Otter / Fireflies / Plaud / Tinrec / Vocol have not made it into my daily workflow. In Chinese scenarios, NotebookLM’s recognition quality is noticeably better than Otter’s. Paid tools’ live transcription and speaker recognition are both weaker in Chinese, and the fixed monthly cost makes their ROI worse for me than the free three-tool combo.
CapCut’s Taiwanese Hokkien recognition is the key tool that fills NotebookLM’s weak spot. For mixed-language meetings or audio from elders, I first use CapCut to convert speech to text, then send it back to NotebookLM for Q&A. For pure Taiwanese Hokkien content, recognition reaches about 70-80%, much steadier than NotebookLM’s 30-40%.

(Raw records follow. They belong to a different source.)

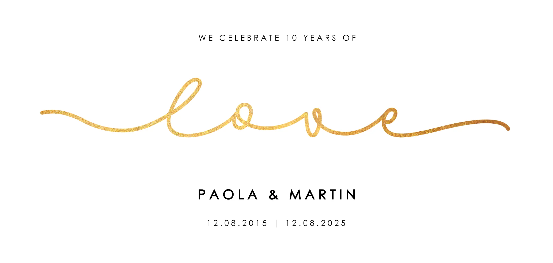 Romantische EInladung zur Silberhochzeit mit goldener Love-Abbildung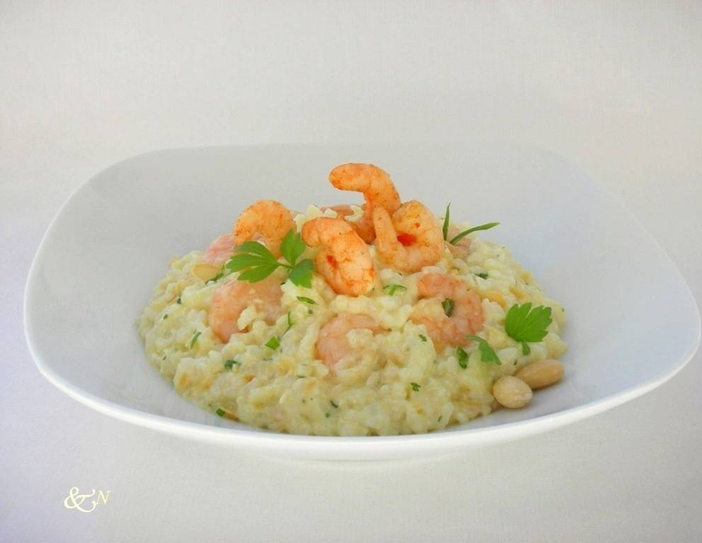 Zu Mandel-Risotto mit Garnelen, passt am besten grüner oder Gurken-Rahmsalat. Damit ein Risotto ganz sicher gelingt, sollte die Flüssigkeit heiß hinzugefügt werden. Am besten hält man es auf dem Herd warm.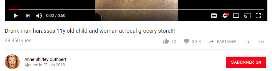 | Fantôme | Et ça post sur youtube ses propres conneries comme quoi elle pense être dans son droit. Pis ça invoque les enfants dans le titre de la vidéo XD. Je suis intouchable je te film et je vais t'afficher sur le net. C'est affligeant cette mentalité.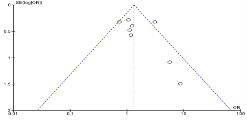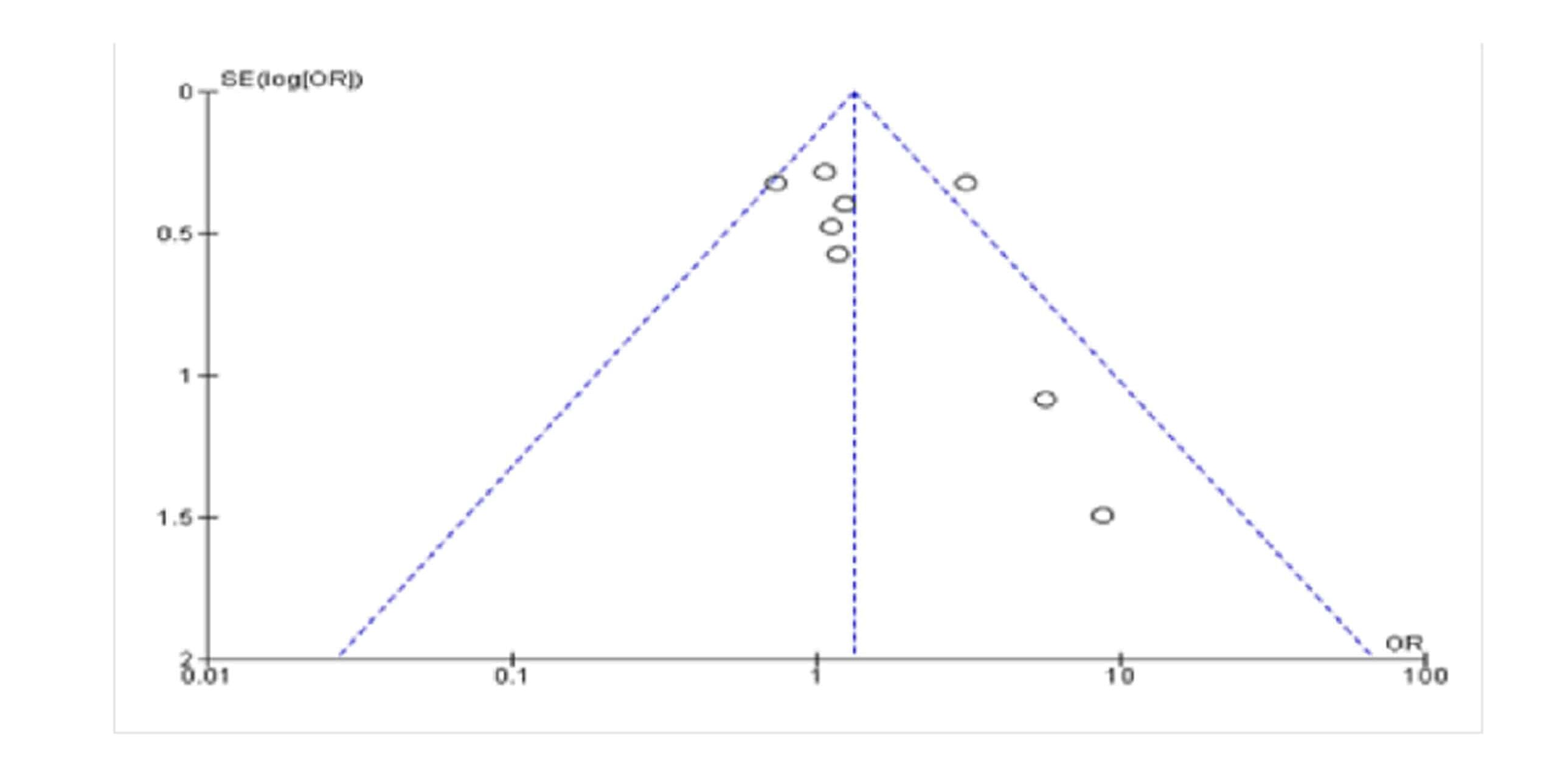 A funnel plot was constructed using Review Manager for assessment of the risk of bias in studies. There was a small publication bias found in the included studies as represented by the funnel plot shown below. The funnel plot shown (Figure 1) is asymmetrical as the studies are not evenly distributed on both sides of the plot.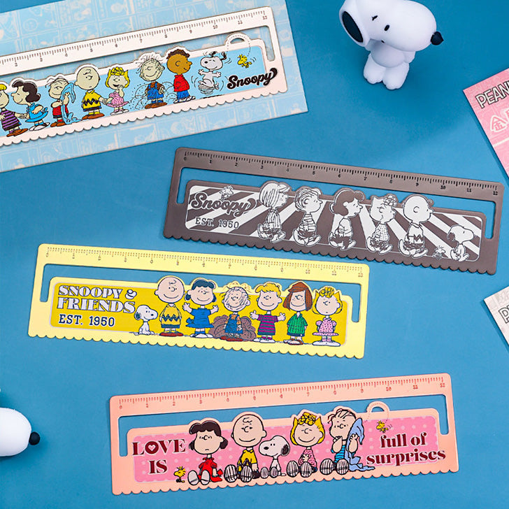 Add a touch of whimsy to your stationery with the Peanuts Snoopy Die-Cut Bookmark Ruler! This clever 2-in-1 tool measures up to 12 cm and doubles as a charming bookmark, featuring beloved Peanuts characters in a sleek die-cut design. The wavy-cut bottom lets you draw fun curved lines, while the slim profile fits perfectly in any book or planner. Available in three dreamy color combos: rose gold & pink, gold & yellow, and silver & blue. 🐾📚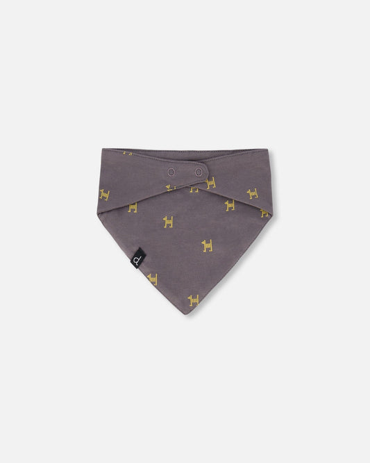 Organic Cotton Bib Dark Grey With Printed Pixel Dog
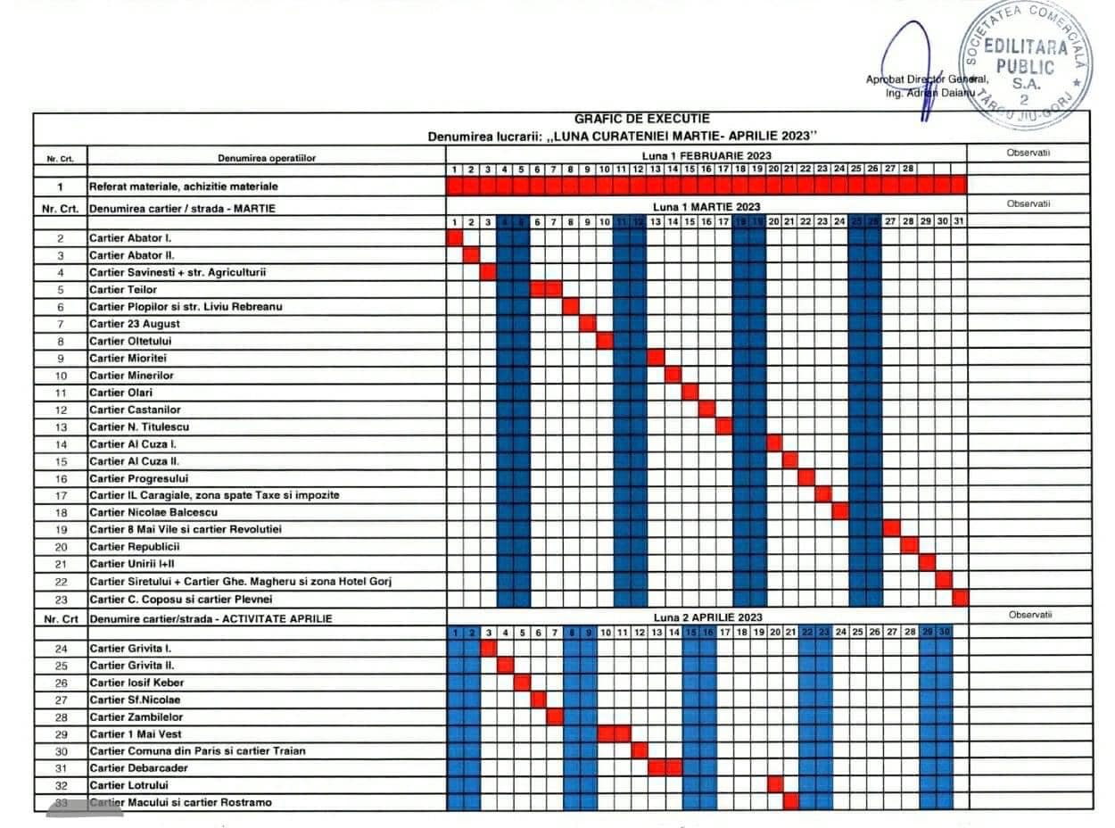 Prezentăm un grafic al acțiunilor ce vor urma, iar în zilele următoare toate asociațiile de proprietari vor fi notificate în ceea ce privește data la care se va intra în fiecare cartier”, a anunțat primarul Marcel Romanescu.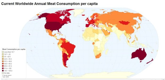 And here are Current Worldwide Annual Meat Consumption per capita. I didn’t realize the U.S. would stand out so much. I thought Brazil and Argentina ranked higher.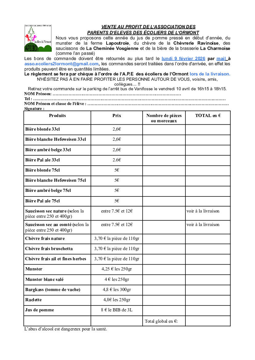 L'Association des Parents d'Eleves des Ecoliers de l'Ormont (APEEO) organise une vente de produits du terroir afin de soutenir et financer les projets éducatifs, les sorties scolaires et les activités pédagogiques pour les élèves du Regroupement Pédagogique Intercommunal de Nayemont-les-Fosses et Pair-et-Grandrupt.
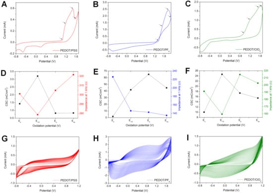 As demonstrated in several previous studies [19], by choosing a doping agent, it is possible to affect the polymerization potential of the monomer, the efficiency of polymer formation, and its electrochemical characteristics. On that account, for each investigated system, the polymerization potential ranges were optimized separately. In all cases, the starting potential was chosen as −0.8 V (vs. Ag/AgCl), which was associated with the lower limit of a water window for a bare platinum electrode. The oxidative potentials were selected based on the position of a polymerization peak (anodic peak responsible for irreversible oxidation of the monomer [20]) and its vicinity: onset potential (Eo), the half-peak potential (E1/2), the peak potential (Ep), and the overoxidation potential (Eoo), all approximated to ±0.1 V (Figure 1A–C). Upper potential limits for the polymerization of EDOT were optimized in terms of best electrical performance expressed by high CSC and low impedance at 1 kHz (Figure 1D–F). Eventually, the anodic potentials of 1.8 V, 1.2 V, and 1.2 V were chosen for nBu4NPF6/ACN, LiClO4/H2O, and NaPSS/H2O, respectively, and the corresponding polymerization curves of EDOT were plotted in Figure 1G–I.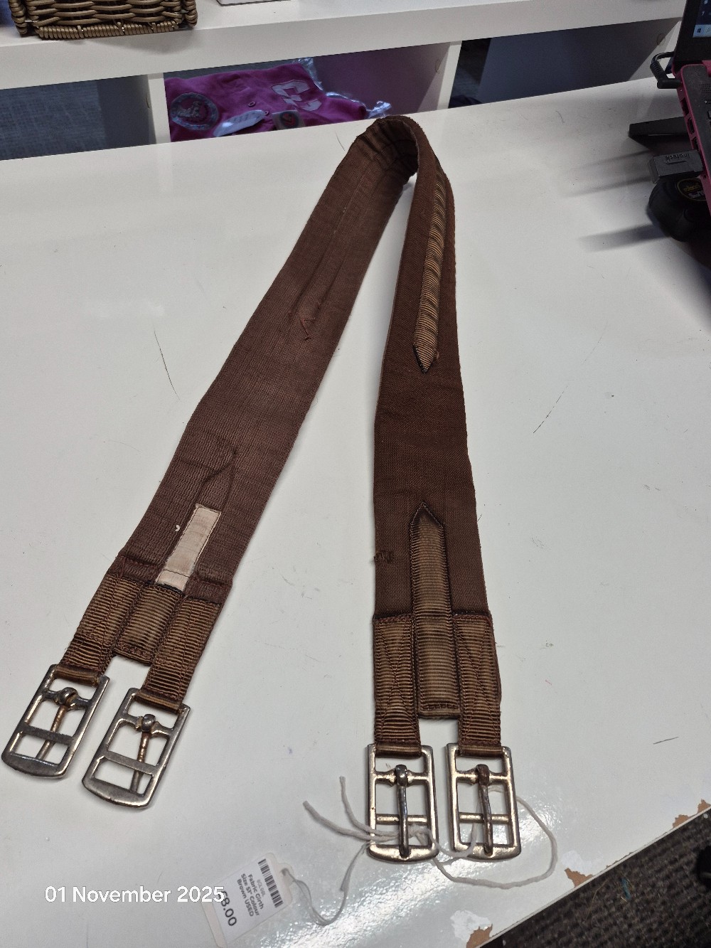 Fabric Girth Size 51" Colour Brown USED Good working order some rust spots on the buckles but doesn't affect use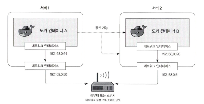 위 예시에서 컨테이너 A는 서버 2와는 통신할 수 있지만. 서버 1과는 통신할 수 없다.
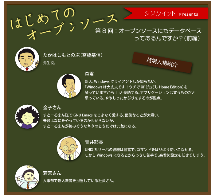 > マンガ版 たかはしもとのぶの「はじめてのオープンソース」 第8回:オープンソースにもデータベースってあるんですか?(前編)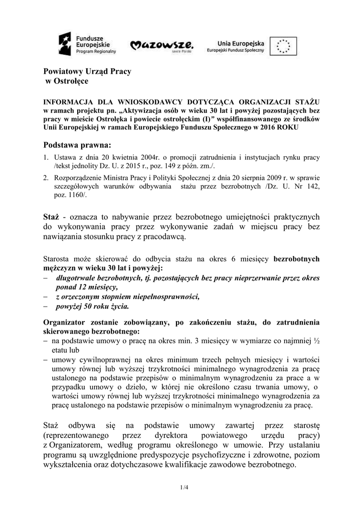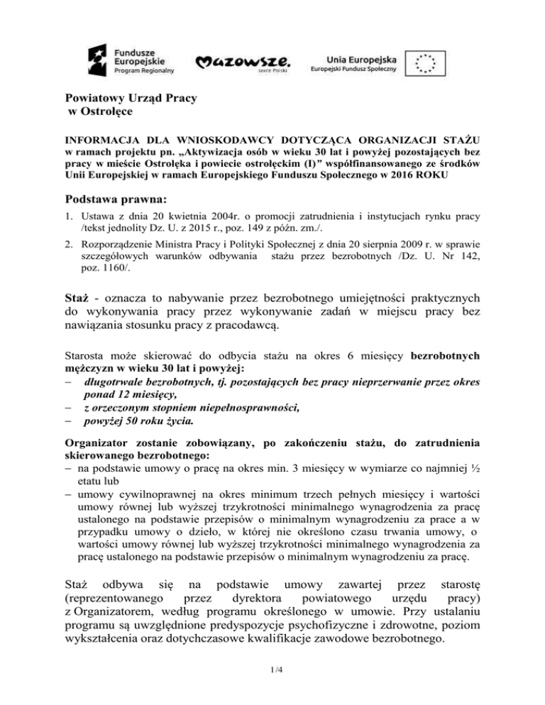 Powiatowy Urząd Pracy w Ostrołęce INFORMACJA DLA WNIOSKODAWCY DOTYCZĄCA ORGANIZACJI STAŻU w ramach projektu pn. „Aktywizacja osób w wieku 30 lat i powyżej pozostających bez pracy w mieście Ostrołęka i powiecie ostrołęckim (I)” współfinansowanego ze środków Unii Europejskiej w ramach Europejskiego Funduszu Społecznego w 2016 ROKU Podstawa prawna: 1. Ustawa z dnia 20 kwietnia 2004r. o promocji zatrudnienia i instytucjach rynku pracy /tekst jednolity Dz. U. z 2015 r., poz. 149 z późn. zm./. 2. Rozporządzenie Ministra Pracy i Polityki Społecznej z dnia 20 sierpnia 2009 r. w sprawie szczegółowych warunków odbywania stażu przez bezrobotnych /Dz. U. Nr 142, poz. 1160/. Staż - oznacza to nabywanie przez bezrobotnego umiejętności praktycznych do wykonywania pracy przez wykonywanie zadań w miejscu pracy bez nawiązania stosunku pracy z pracodawcą. Starosta może skierować do odbycia stażu na okres 6 miesięcy bezrobotnych mężczyzn w wieku 30 lat i powyżej: − długotrwale bezrobotnych, tj. pozostających bez pracy nieprzerwanie przez okres ponad 12 miesięcy, − z orzeczonym stopniem niepełnosprawności, − powyżej 50 roku życia. Organizator zostanie zobowiązany, po zakończeniu stażu, do zatrudnienia skierowanego bezrobotnego: − na podstawie umowy o pracę na okres min. 3 miesięcy w wymiarze co najmniej ½ etatu lub − umowy cywilnoprawnej na okres minimum trzech pełnych miesięcy i wartości umowy równej lub wyższej trzykrotności minimalnego wynagrodzenia za pracę ustalonego na podstawie przepisów o minimalnym wynagrodzeniu za prace a w przypadku umowy o dzieło, w której nie określono czasu trwania umowy, o wartości umowy równej lub wyższej trzykrotności minimalnego wynagrodzenia za pracę ustalonego na podstawie przepisów o minimalnym wynagrodzeniu za pracę. Staż odbywa się na podstawie umowy zawartej przez starostę (reprezentowanego przez dyrektora powiatowego urzędu pracy) z Organizatorem, według programu określonego w umowie. Przy ustalaniu programu są uwzględnione predyspozycje psychofizyczne i zdrowotne, poziom wykształcenia oraz dotychczasowe kwalifikacje zawodowe bezrobotnego. 1 /4 Program powinien określać: 1) nazwę zawodu lub specjalności, której program dotyczy; 2) zakres zadań wykonywanych przez bezrobotnego; 3) rodzaj uzyskiwanych kwalifikacji lub umiejętności zawodowych: 4) sposób potwierdzenia nabytych kwalifikacji lub umiejętności zawodowych: 5) opiekuna osoby objętej programem stażu. Na organizowane miejsca stażu nie będą kierowane osoby, które są współmałżonkiem, zstępnym, wstępnym w linii prostej w pierwszym stopniu pokrewieństwa pracodawcy. Przyjęcie bezrobotnego(ych) w ramach stażu może nastąpić jedynie po podpisaniu umowy z powiatowym urzędem pracy. ♦ U organizatora stażu, który jest pracodawcą, staż mogą odbywać jednocześnie bezrobotni w liczbie nieprzekraczającej liczby pracowników zatrudnionych u organizatora w dniu składania wniosku w przeliczeniu na pełny wymiar czasu pracy. ♦ U organizatora stażu, który nie jest pracodawcą, staż może odbywać jednocześnie jeden bezrobotny. Bezrobotny stażysta czynności ujęte w opisie zadań wykonuje pod nadzorem wskazanego opiekuna, którego rolą jest udzielanie bezrobotnemu m.in. wskazówek i pomocy w wypełnianiu powierzonych zadań oraz poświadczenie własnym podpisem prawdziwości informacji zawartych w sprawozdaniu bezrobotnego z przebiegu stażu. Opiekun bezrobotnego odbywającego staż może jednocześnie sprawować opiekę nad nie więcej niż 3 osobami bezrobotnymi odbywającymi staż. ♦ Czas pracy bezrobotnego odbywającego staż nie może przekraczać 8 godzin na dobę i 40 godzin tygodniowo a bezrobotnego będącego osobą niepełnosprawną zaliczoną do znacznego lub umiarkowanego stopnia niepełnosprawności - 7 godzin na dobę i 35 godzin tygodniowo. ♦ Bezrobotny nie może odbywać stażu w niedziele i święta, w porze nocnej, w systemie pracy zmianowej ani w godzinach nadliczbowych. Na wniosek bezrobotnego odbywającego staż Organizator jest obowiązany do udzielenia dni wolnych w wymiarze 2 dni za każde 30 dni kalendarzowych odbywania stażu. Za dni wolne przysługuje stypendium. Za ostatni miesiąc odbywania stażu pracodawca jest obowiązany udzielić dni wolnych przed upływem terminu zakończenia stażu. Nadzór nad odbywaniem stażu przez bezrobotnego sprawuje starosta. 2 /4 Organizator po zakończeniu realizacji programu wydaje opinię zawierającą informacje o zadaniach realizowanych przez bezrobotnego i umiejętnościach praktycznych pozyskanych w trakcie stażu. Bezrobotny po zakończeniu stażu sporządza sprawozdanie z przebiegu stażu zawierające informacje o wykonywanych zadaniach oraz uzyskanych kwalifikacjach lub umiejętnościach zawodowych. Po otrzymaniu opinii i sprawozdania bezrobotnego z odbycia stażu Starosta wydaje bezrobotnemu zaświadczenie o odbyciu stażu. W okresie odbywania stażu bezrobotnemu przysługuje stypendium płatne przez powiatowy urząd pracy (na dzień 01.01.2016 r. wysokość stypendium wynosi – 997,40 zł brutto). Uprawniony podmiot (zwany Organizatorem) zamierzający zorganizować staż dla bezrobotnych składa w powiatowym urzędzie pracy wniosek o zawarcie umowy o zorganizowanie stażu dla bezrobotnych. Wniosek o zawarcie umowy o zorganizowanie stażu może złożyć: − Pracodawca, tj. jednostka organizacyjna, chociażby nie posiadała osobowości prawnej, a także osoba fizyczna, jeżeli zatrudniają one co najmniej jednego pracownika, − Przedsiębiorca, niezatrudniający pracownika na zasadach przewidzianych dla pracodawców, − Pełnoletnia osoba fizyczna, zamieszkująca i prowadząca na terytorium RP, osobiście i na własny rachunek, działalność w zakresie produkcji roślinnej lub zwierzęcej, w tym ogrodniczej, sadowniczej, pszczelarskiej i rybnej, w pozostającym w jej posiadaniu gospodarstwie rolnym obejmującym obs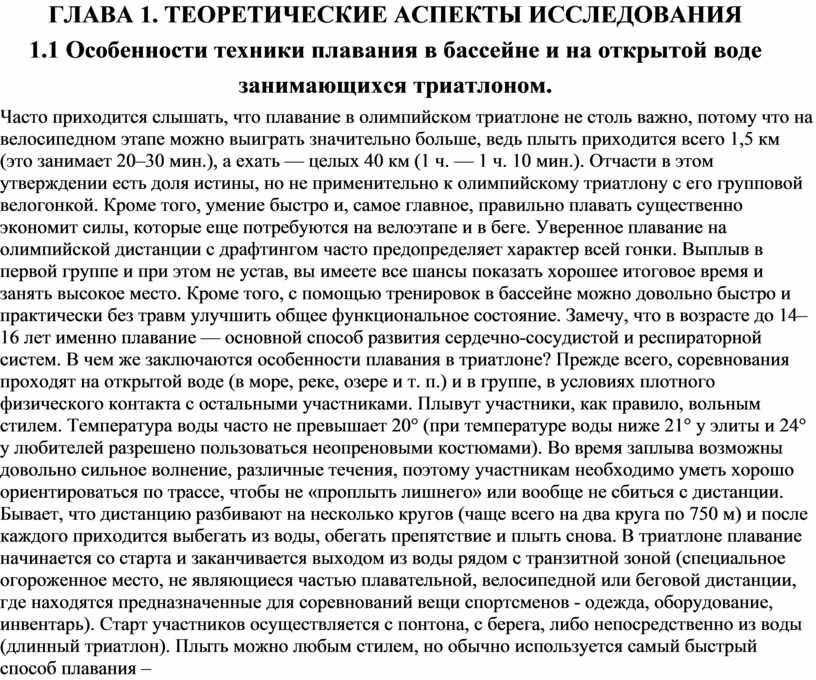 плавания в бассейне и на открытой воде занимающихся триатлоном.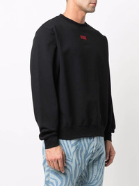 logo-print crew neck sweatshirt jet-black cotton crew neck logo print to the front long sleeves ribbed hem Made in Italy Composition Cotton 100% SIZE & FIT Model measurements Height 6 ft 1 in(1.85 m) Bust/Chest 37.79 in(96 cm) Hips 37.4 in(95 cm) Waist 30.7 in(78 cm) FittingInformation This piece fits true to size. We recommend you get your regular size Cut for a relaxed fit Made with a mid-weight fabric Washing instructions Machine Wash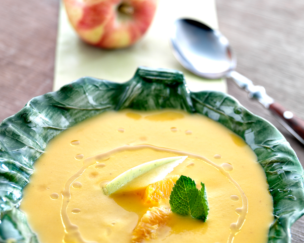 Ingredientes: 1 cebolla mediana, 1 puerro, 3 manzanas Fuji, 2 cucharadas de curry en polvo, 3 zanahorias, la ralladura y el zumo de 1 naranja, el zumo de 1 limón, 1 litro de caldo de ave, 3 cucharadas de aceite de oliva, sal, pimienta, 150 g de yogur, menta fresca picada, unos gajos de naranja.Pelar y picar fino la cebolla y el puerro. Calentar el aceite en una cacerola y rehogarlos hasta que queden lacios. Agregar las zanahorias y las manzanas peladas y troceadas; remover sobre el calor durante un minuto y añadir el curry, la ralladura de naranja y el zumo de limón. Cocer unos segundos removiendo todo.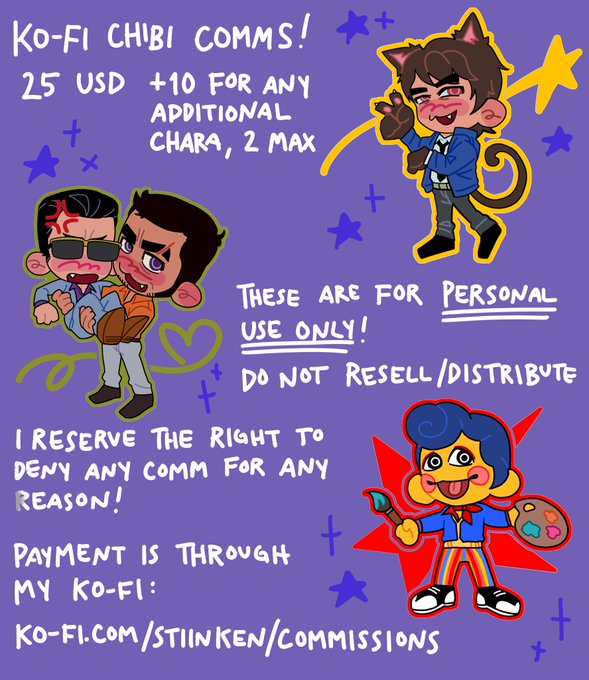 hellooo i'm opening chibi c*mmissions! I have 5 slots open right now, more info linked below on my ko-fi. please send me a message if you have any questions/concerns!

The next thing I want to watch is how Taiwanese Hokkien support evolves. Once a steadier free Taiwanese Hokkien option appears, I will update this workflow again.
Further Reading
- NotebookLM Transcript Guide
- AI Meeting Notes Tool Overview
- AI Meeting Notes Tool Comparison
- CapCut AI Subtitle Guide|Automatic Taiwanese Hokkien Recognition
FAQ
Q: Is iPhone recording quality good enough?
Yes, if the phone is on the table within 2 meters. In my tests, the recognition error rate is around 5-10%. The real quality killer is background noise, not the microphone.
Q: How long does NotebookLM take to generate a transcript?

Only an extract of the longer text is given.